(Stored dataset items)
• • • • • • •

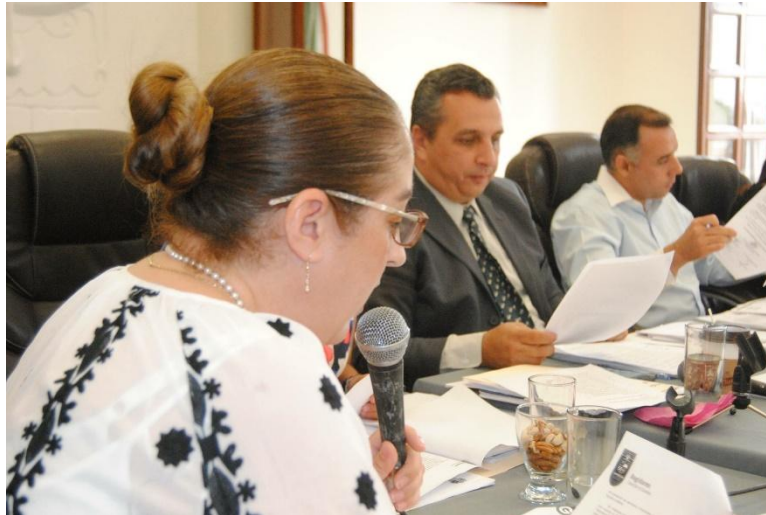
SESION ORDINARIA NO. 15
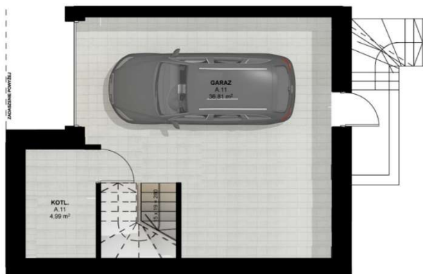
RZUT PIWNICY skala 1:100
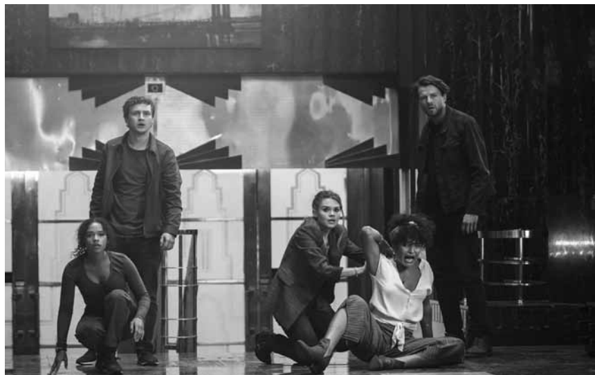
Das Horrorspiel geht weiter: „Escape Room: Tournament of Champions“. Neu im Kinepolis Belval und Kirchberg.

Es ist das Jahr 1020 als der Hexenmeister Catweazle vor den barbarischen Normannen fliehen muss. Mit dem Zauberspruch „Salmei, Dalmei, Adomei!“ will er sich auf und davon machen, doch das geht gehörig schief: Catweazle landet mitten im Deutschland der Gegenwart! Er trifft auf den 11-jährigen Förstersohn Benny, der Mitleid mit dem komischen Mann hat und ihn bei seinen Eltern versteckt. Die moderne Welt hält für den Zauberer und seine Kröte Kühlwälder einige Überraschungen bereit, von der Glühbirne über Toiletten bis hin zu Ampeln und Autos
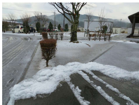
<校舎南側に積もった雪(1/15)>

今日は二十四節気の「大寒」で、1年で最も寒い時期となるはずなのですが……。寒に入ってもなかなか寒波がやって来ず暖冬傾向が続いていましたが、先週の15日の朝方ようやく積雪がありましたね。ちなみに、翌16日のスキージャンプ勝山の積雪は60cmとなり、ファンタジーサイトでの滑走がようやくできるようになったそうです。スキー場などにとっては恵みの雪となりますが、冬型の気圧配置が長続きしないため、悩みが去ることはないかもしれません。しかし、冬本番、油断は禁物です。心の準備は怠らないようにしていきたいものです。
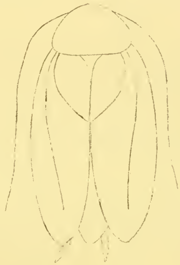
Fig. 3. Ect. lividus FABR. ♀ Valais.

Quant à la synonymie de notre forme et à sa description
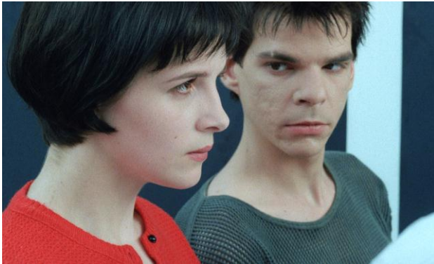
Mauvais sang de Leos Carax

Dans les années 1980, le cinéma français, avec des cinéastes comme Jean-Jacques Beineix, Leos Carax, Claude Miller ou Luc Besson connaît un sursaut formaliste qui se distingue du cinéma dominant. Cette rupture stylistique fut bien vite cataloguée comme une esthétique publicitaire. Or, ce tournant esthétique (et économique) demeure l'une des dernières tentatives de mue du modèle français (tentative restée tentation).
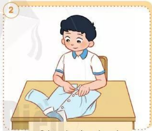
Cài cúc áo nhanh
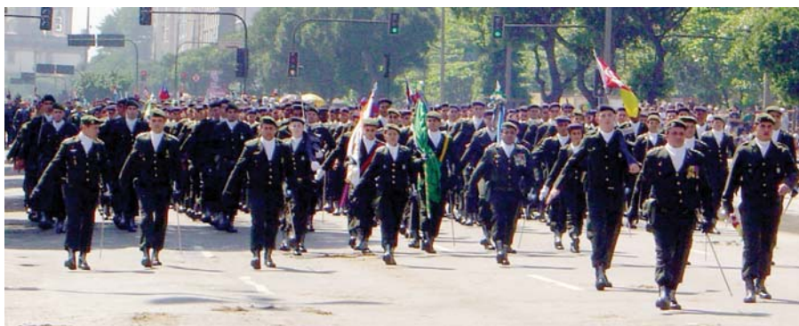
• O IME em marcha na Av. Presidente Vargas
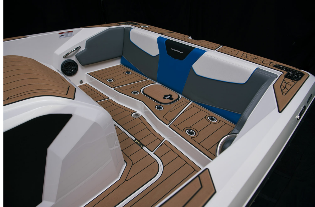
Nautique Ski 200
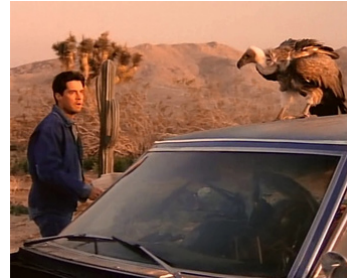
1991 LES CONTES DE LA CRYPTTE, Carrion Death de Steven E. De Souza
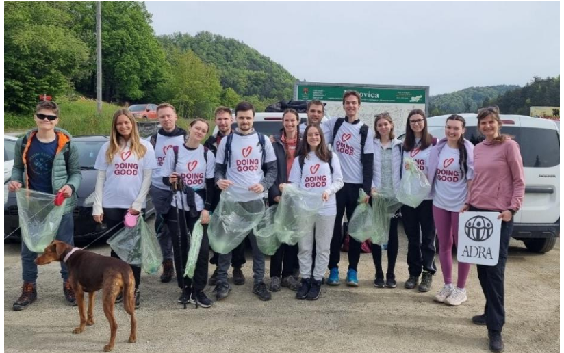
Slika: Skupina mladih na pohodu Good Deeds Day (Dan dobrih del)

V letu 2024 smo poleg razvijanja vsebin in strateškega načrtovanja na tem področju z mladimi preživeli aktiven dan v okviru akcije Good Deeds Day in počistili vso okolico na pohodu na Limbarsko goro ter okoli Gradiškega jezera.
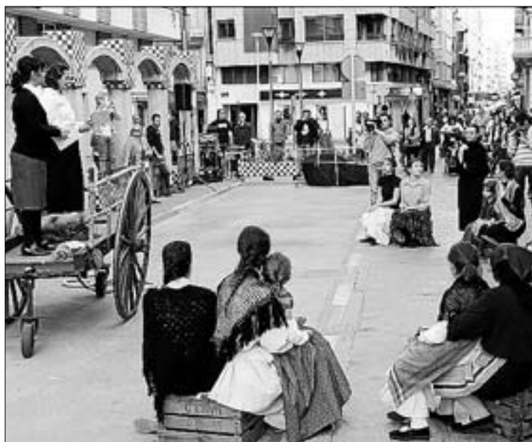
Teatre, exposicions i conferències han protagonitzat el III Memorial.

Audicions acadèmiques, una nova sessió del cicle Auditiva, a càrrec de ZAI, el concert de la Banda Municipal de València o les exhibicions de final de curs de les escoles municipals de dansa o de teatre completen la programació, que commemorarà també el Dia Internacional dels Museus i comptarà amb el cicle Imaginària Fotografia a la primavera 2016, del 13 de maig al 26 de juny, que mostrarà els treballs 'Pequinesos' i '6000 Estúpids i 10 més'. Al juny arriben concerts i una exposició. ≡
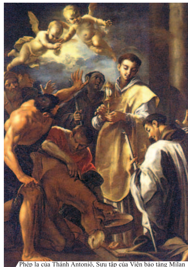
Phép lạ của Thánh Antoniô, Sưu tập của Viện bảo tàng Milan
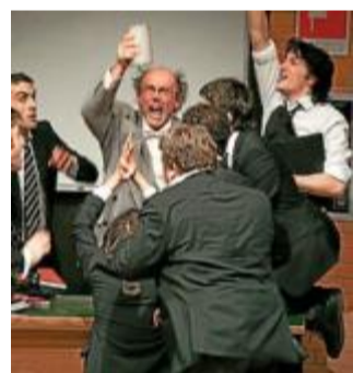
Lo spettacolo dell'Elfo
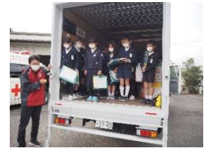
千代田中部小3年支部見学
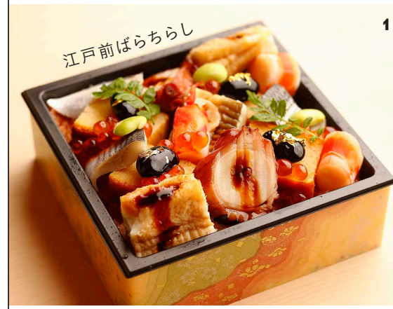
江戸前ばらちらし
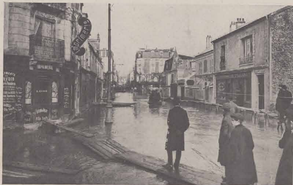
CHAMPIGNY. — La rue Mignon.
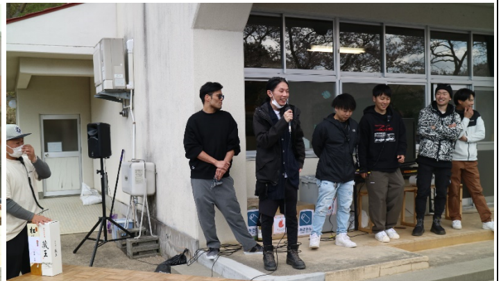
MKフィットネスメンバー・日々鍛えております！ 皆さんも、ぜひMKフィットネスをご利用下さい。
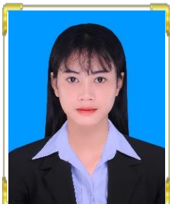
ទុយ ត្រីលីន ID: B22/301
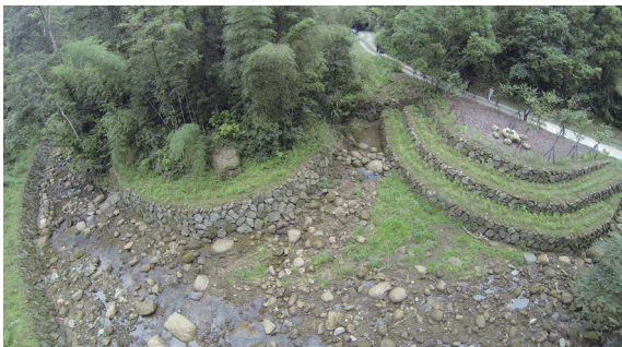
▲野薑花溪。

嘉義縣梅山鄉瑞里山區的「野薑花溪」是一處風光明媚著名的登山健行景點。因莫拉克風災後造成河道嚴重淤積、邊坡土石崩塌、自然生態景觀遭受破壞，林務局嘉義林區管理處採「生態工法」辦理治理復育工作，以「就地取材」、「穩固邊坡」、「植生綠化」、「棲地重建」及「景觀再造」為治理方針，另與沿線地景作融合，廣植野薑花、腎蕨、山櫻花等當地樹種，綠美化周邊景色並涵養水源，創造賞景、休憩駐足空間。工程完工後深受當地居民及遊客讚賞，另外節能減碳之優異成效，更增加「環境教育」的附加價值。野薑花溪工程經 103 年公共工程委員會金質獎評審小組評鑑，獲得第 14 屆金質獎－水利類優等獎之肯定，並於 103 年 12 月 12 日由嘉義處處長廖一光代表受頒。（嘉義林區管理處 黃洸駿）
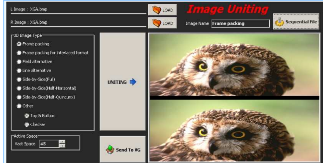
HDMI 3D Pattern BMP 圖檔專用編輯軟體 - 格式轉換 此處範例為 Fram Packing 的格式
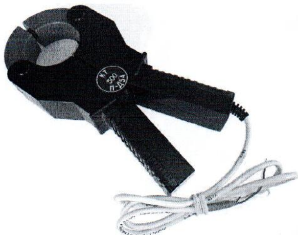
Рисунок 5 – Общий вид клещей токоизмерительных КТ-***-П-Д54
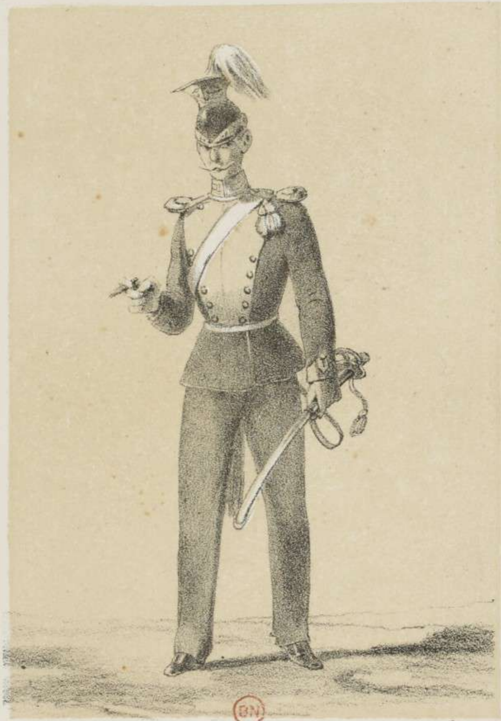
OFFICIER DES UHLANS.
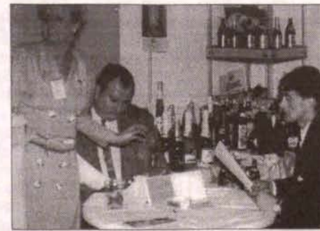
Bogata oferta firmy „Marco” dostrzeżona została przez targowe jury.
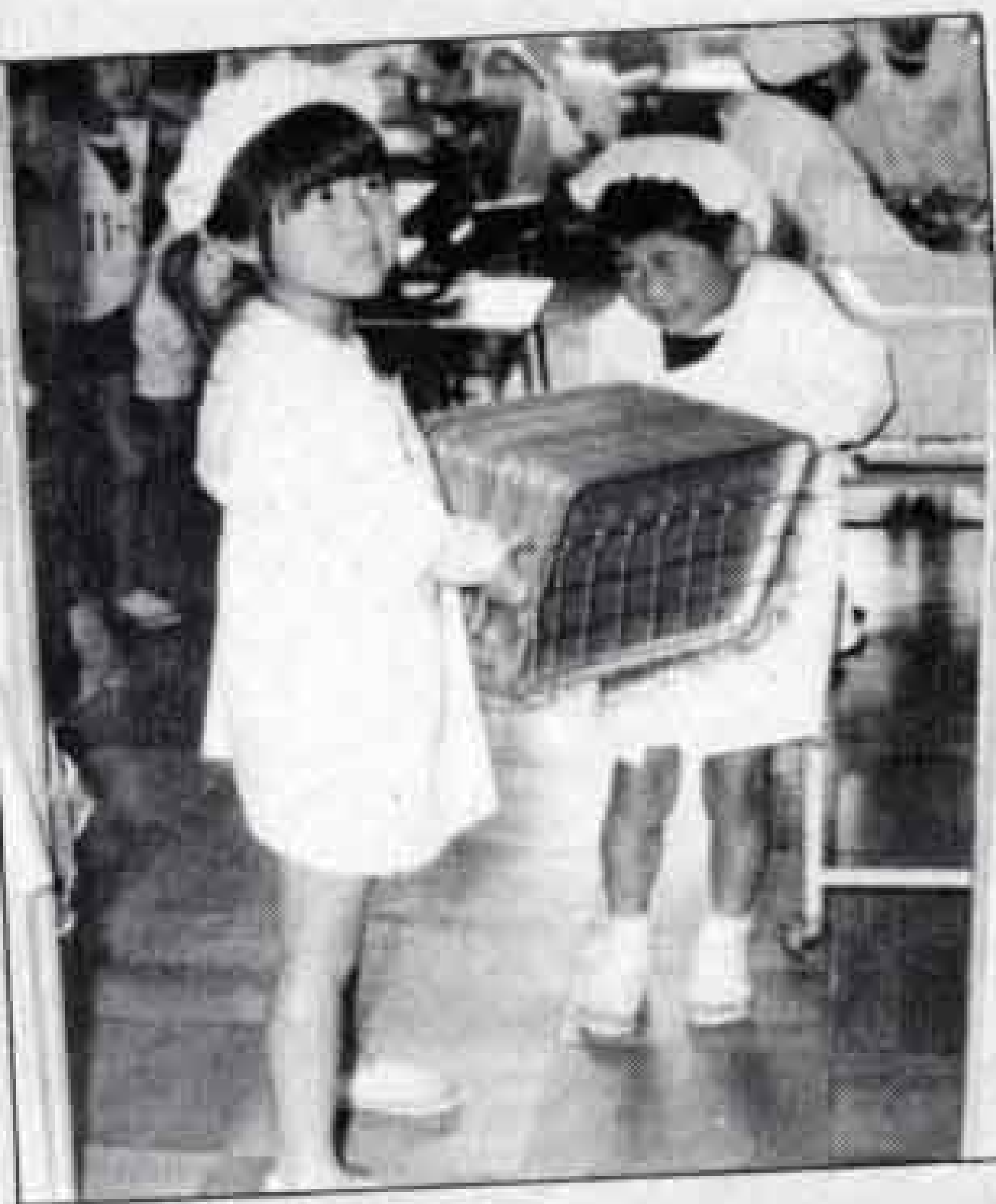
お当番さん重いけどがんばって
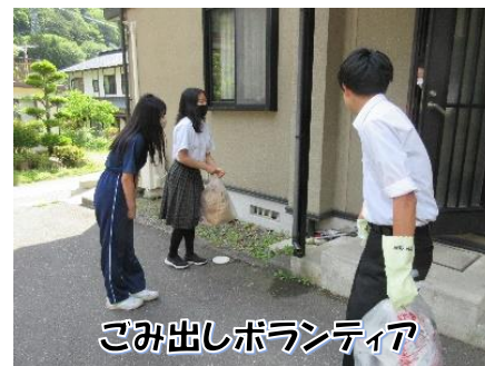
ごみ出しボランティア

• • • • • • •

- WORK INSTRUCTION: Starting from the line with "Cài cúc áo nhanh" in the records above, repeat each line exactly until you have written the line with "Slika: Skupina mladih", then stop; drop the pictures.

- OUTPUT BELOW:
Cài cúc áo nhanh
• O IME em marcha na Av. Presidente Vargas
Nautique Ski 200
1991 LES CONTES DE LA CRYPTTE, Carrion Death de Steven E. De Souza
Slika: Skupina mladih na pohodu Good Deeds Day (Dan dobrih del)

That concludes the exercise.